Failing at addr:2b12cc

*** End of error message ***

I also got the same behaviour on a different machine (with the exact same code base, $HOME is an NFS mount) and same hardware but limited to 4 CPUs. The following is a debug run of such the failling execution:

sshd@enterprise ~/1_Files/1_ETS/1_Maitrise/MGL810/Devoir2 $ ~/openmpi_sun4u/bin/mpirun -d -v -np 5 mandelbrot-mpi 100 400 400

[enterprise:24786] [0,0,0] setting up session dir with

[enterprise:24786] universe default-universe

[enterprise:24786] user sshd

[enterprise:24786] host enterprise

[enterprise:24786] jobid 0

[enterprise:24786] procid 0

[enterprise:24786] procdir: /tmp/openmpi-sessions-sshd@enterprise_0/default-universe/0/0

[enterprise:24786] jobdir: /tmp/openmpi-sessions-sshd@enterprise_0/default-universe/0

[enterprise:24786] unidir: /tmp/openmpi-sessions-sshd@enterprise_0/default-universe

[enterprise:24786] top: openmpi-sessions-sshd@enterprise_0

[enterprise:24786] tmp: /tmp

[enterprise:24786] [0,0,0] contact_file /tmp/openmpi-sessions-sshd@enterprise_0/default-universe/universe-setup.txt

[enterprise:24786] [0,0,0] wrote setup file

[enterprise:24786] pls:rsh: local csh: 0, local bash: 0

[enterprise:24786] pls:rsh: assuming same remote shell as local shell

[enterprise:24786] pls:rsh: remote csh: 0, remote bash: 0

[enterprise:24786] pls:rsh: final template argv:

[enterprise:24786] pls:rsh: /usr/local/bin/ssh <template> ( ! [ -e ./.profile ] || . ./.profile; orted --debug --bootproxy 1 --name <template> --num_procs 2 --vpid_start 0 --nodename <template> --universe sshd@enterprise:default-universe --nsreplica "0.0.0;tcp://10.45.117.37:40236" --gprreplica "0.0.0;tcp://10.45.117.37:40236" --mpi-call-yield 0 )

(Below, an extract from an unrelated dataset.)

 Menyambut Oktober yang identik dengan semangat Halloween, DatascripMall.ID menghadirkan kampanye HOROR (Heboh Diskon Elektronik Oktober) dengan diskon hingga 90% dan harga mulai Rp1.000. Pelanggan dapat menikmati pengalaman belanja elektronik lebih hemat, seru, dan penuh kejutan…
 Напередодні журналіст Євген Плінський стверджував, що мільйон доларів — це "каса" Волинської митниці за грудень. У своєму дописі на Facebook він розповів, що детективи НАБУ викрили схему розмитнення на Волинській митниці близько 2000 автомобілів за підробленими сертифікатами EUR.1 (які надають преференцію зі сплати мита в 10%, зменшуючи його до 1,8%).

[enterprise:24786] pls:rsh: launching on node localhost

[enterprise:24786] pls:rsh: oversubscribed -- setting mpi_yield_when_idle to 1 (1 5)

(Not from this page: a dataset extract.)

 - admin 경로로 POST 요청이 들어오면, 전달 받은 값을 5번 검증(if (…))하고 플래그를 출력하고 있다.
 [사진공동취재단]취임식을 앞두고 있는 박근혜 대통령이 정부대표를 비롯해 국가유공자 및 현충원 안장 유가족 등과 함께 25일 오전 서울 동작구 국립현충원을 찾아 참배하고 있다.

[enterprise:24786] pls:rsh: localhost is a LOCAL node

[enterprise:24786] pls:rsh: reset PATH: /export/lca/home/lca0/etudiants/ac38820/openmpi_sun4u/bin:/bin:/usr/local/bin:/usr/bin:/usr/sbin:/usr/ccs/bin:/usr/dt/bin:/usr/local/lam-mpi/7.1.1/bin:/export/lca/appl/Forte/SUNWspro/WS6U2/bin:/opt/sfw/bin:/usr/bin:/usr/ucb:/etc:/usr/local/bin:.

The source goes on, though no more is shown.